Unlike Christ, Mr Pye never asks the person he is about to help whether he really wants his assistance. 

Power is never questioned. Confident in his own benevolence and greater wisdom he treats people as puppets – at times quite literally. 

God becomes the “Great Pal” – always smiling, always present. Only in his final reconciliation with God does he experience any fear and trembling.

Do-goodery is not good. Goodness follows the path of justice: it is always respectful, humble and mindful that any good that is done never really came from the self anyway.

The Best Donor

The best donor gives knowing that what is given is not their own – but is God’s.

The Gift of Equality

He who treat as equals those who are far below him in human strength really makes them a gift of the quality of human beings, of which fate had deprived them. As far as it is possible for a creature, he reproduces the original generosity of the Creator with regard to them.

This is the most Christian of virtues. It is also the virtue which the Egyptian Book of the Dead describes in words as sublime even as those of the Gospel. “I have never caused anyone to weep. I have never spoken with a haughty voice. I have never made anyone afraid.
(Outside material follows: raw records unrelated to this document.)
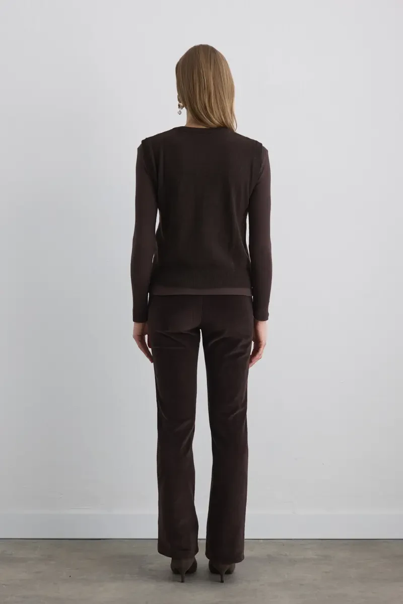 Combining the classic diamond pattern with a wool knit texture creates a nostalgic feel. The brown tone provides a warm and natural look. Easily paired with shirts and dresses.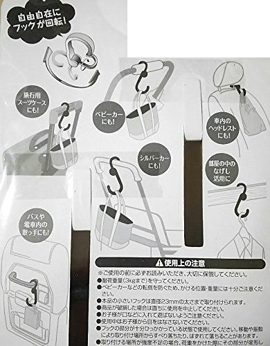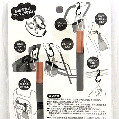 ■本品の小さいフックは直径2,3cmの太さまで取り付けられます!自由自在にフックが回転!ベビーカーにはもちろん、車内のヘッドレストや、部屋の中のなげし活用にも! ■商品サイズ 全長約幅5,4×長さ13×厚み2cm フック2個入 ■耐荷重量 3kgまで ■材質 本体/ABS樹脂 ネジ/鋼線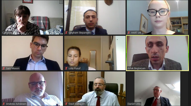 Արցախի Հանրապետության Պետական նախարար Արտակ Բեգլարյանի, Մարդու իրավունքների պաշտպան Գեղամ Ստեփանյանի և Արտաքին գործերի նախարար Դավիթ Բաբայանի մասնակցությամբ օգոստոսի 20-ին տեղի է ունեցել առցանց քննարկում Մեծ Բրիտանիայի և Հյուսիսային Իռլանդիայի Միացյալ թագավորության խորհրդարանի Լորդերի պալատի անդամ բարոնուհի Քերոլայն Քոկսի և Մարդասիրական օգնության բարեգործական կազմակերպության (HART-Humanitarian Aid Relief Trust) անդամների հետ։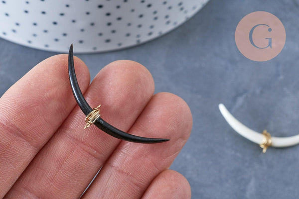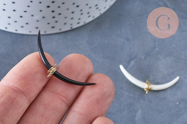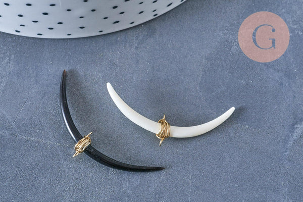 ¡Déjate encantar por el encanto de este croissant de cuerno natural ! Su color neutro y su elegante diseño te inspirarán a crear tu bisutería DIY .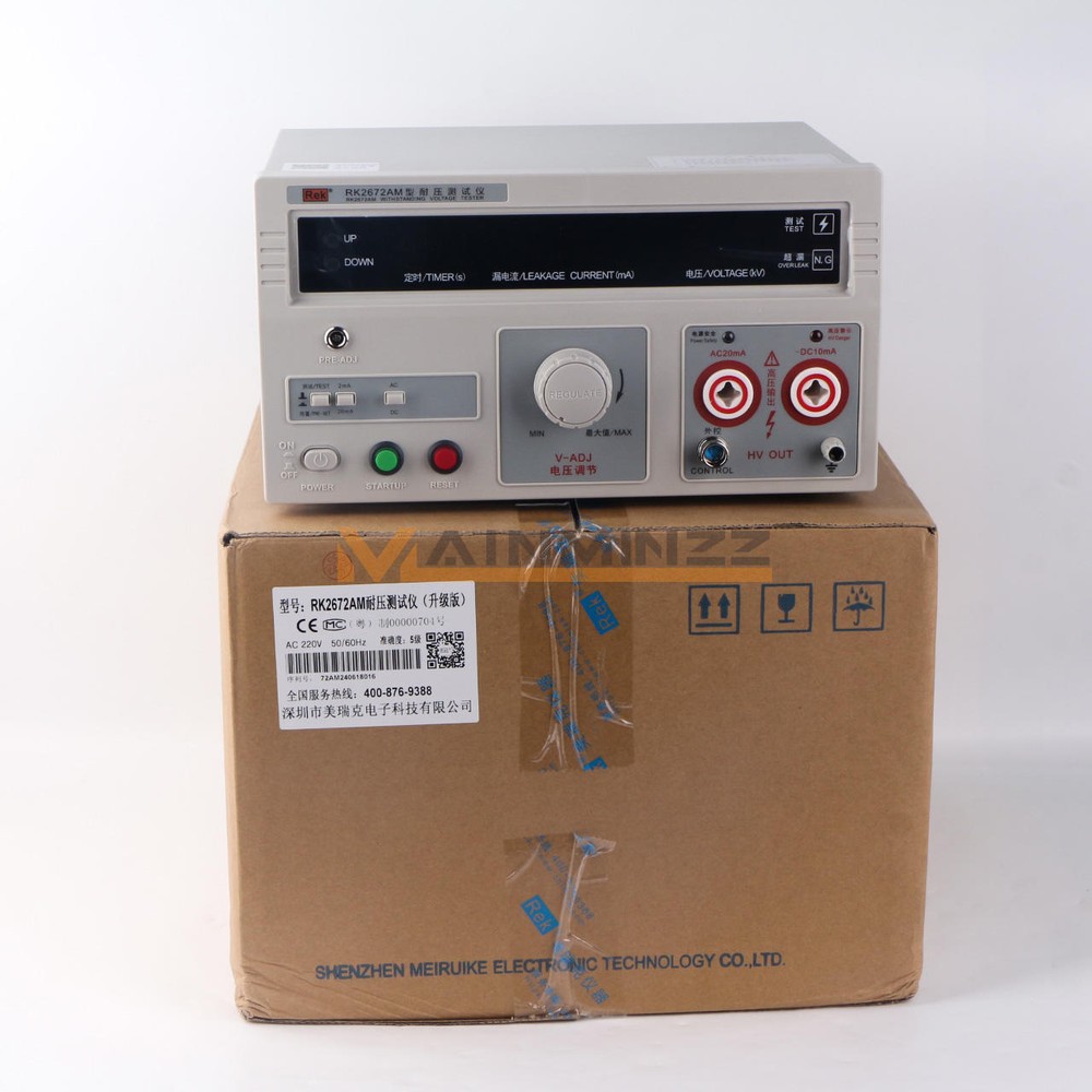 New Rek RK2672AM Withstand Hi-Pot 5KV(AC/DC) 100VA Tester Withstand Voltage RK267 series voltage withstand test instruments are for general- purpose HV test operation, It can be widely used for voltage withstand test in electrician’s assistant instrument , rubber-wooden facility , voltage convertor , wires , power meter , motor, power supply plug, cables and all kinds of electronic and electric products. As the launch of the national security standard, Voltage withstand instrument has become one of necessary withstand test instruments to the radio and electronic products manufacturer. Operating request: Environmental temperature 0~40 ℃ R elative dumidity≤75% Paraments Model RK2672AM Description Klgital display with remote control Test Voltage (AC) 0~5KV +/-5% Test Voltage (DC) 0~5KV +/-5% Leakage Current (AC) 0~2/20mA +/-5% Leakage Current (DC) 0~2/10mA +/-5% Timing (s) 0~99s; Manual control Pmax 100VA Input Voltage 220V Weight 24LB Details Pre-used Caution Read the following items carefully before operating RK267 series voltage withstand test instrument 1. Use three-hole power supply plug and insure GND connection well. 2. GND port and power supply GND port should be connected well 3. Wear insulation glove, stand on insulation mat 4. Anti-clockwisely circumvolve “ V-ADJ ” rotary switch to the maximum before turn on test instrument. 5. Before preset all functions, reset instrument 6 . Don ’ t connect test port and test wire when doing test 7. Don ’ t connect HV output port with shield box or GND wire to avoid instrument damage. 8. Turn off power when accident take place 9. Examine and repair when Indicator or annunciator is out of function 10. Operate carefully to avoid hazard when take the remote test. 11.The instrument must be placed on the worktable of conductive materials 12.The operator can not wear clothes with metal decoration or wear metal accessories 13.When the tester is in the test conditions, the test line, the test probes, output end , and the test objects are all with high pressure, do not touch! Item Included: Withstand Hi-Pot Tester - RK2672AM 1×Withstand voltage test equipment 1×High voltage test bar 1×Remote control test bar 1×Ground wire 1×power cord Notice: Because,the international air shipping forbid to ship liquid,powder and batteries, If you purchased goods containing such items, we will not be putting them packing. Thank you for your support. Payment must be made within 12 days after the auction/bid ends, or eBay will open Unpaid Item case automatically later. Please read this before buying International Shipping may Be Delayed Due to Customs. Customers are Responsible For All Import Charges, Tariffs, Duties, Taxes, and Fees Associated with Import of the product. Shipping Charges does not include any Import Charges, Tariffs, Duties, Taxes, and Fees Associated with it. We are not responsible for undeliverable address. We reserve the right to charge the shipping fee again for returned items due to wrong address. Items are generally shipped within 10 business day after your payment has been cleared (Sat. & Sun. excluded.) Dear friend, your happy is very important to me!.we stand behind every product we sell.Your bid is a contract - Place a bid only if you're serious about buying the item. If you are the winning bidder, you will enter into a legally biding contract to purchase the item. If payment is not received within 7 days, item may be offered to the next highest bidder or relisted at the seller's sole discretion.If you're not pleased with your purchase, we'll be happy to make an exchange or refund the product price less S&H within 7 days of your purchase. For any exchange or refund, we need the original receipt or a record of the purchase in our system, and the product must be in its original condition, including the box, packaging, and all accessories.Shipping and handling charges are not refundable. We are professional EBAY sales team and lots of ebay buyers very satisfied with our services.You can enjoy top-quality product and high-quality services from us, Trust me that you will have a pleasant shopping experience in here. Please contact us with any comments, questions or suggestions that you may have bysending ebay message, All the mail will be replied within 24 hours. Please ensure your mail box would not blocked / filtered our mails.we will be happy to assist you.please feel free to contact us for WHOLESALES deal,we will surely give you a satisfatory price.We would try our best to serve you with any question / problem. Please contact us first before leaving Negative / Neutral Feedback or open any cases.We work 6 Days a week From 9:00am - 6:00pm Monday - Saturday CHINA Time.
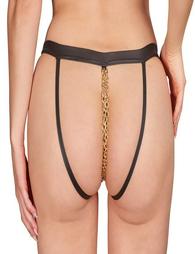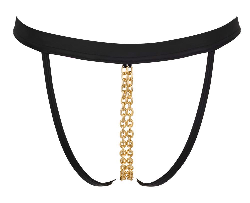 Στριγκάκι Bad Kitty από μαύρες ελαστικές ταινίες με μοντέρνα ματ εμφάνιση και συναρπαστική χρυσή αλυσίδα διπλού καβάλου που μπορεί να αποσπαστεί στον μπροστινό δακτύλιο με δύο μικρούς γάντζους.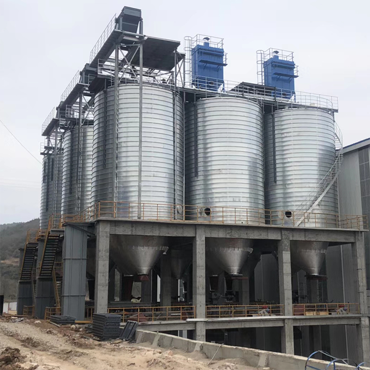 接收与清理设置在筒仓中央该形式筒仓一般采用对称排列,提升机井架固定,经过提升后的物料通过仓顶溜管进人筒仓。这种形式省去了仓顶输送设备和上通廊,从而节省了建造费用,缩短了建造工期。对于贮存时间要求较长的大型粮库,则应根据物料的流向、场地情况、工艺要求等合理地配置投料口、工作塔、烘干塔及日照钢板仓的位置。国华钢板仓介绍了这几种常见的进料形式,实际中可将各种形式相互组合,相互渗透,根据实际情况合理搭配,灵活选用。

I have never been deaf to words of justice and truth.”

Simon Weil from Forms of the Implicit Love of God

This gift is not a form of patronage. Rather we can only share with each other the gift of equality when we realise the ultimate emptiness of the other person’s power over us. However, this is only really possible if we can identify some source of self that is not locked into the natural world – with all the differences it throws up and reinforces.

We might also say that we have chosen equality as a moral ideal – but what lies behind the power of that ideal is not an empty choice or individual preference; instead it is a reflection of the true nature of things.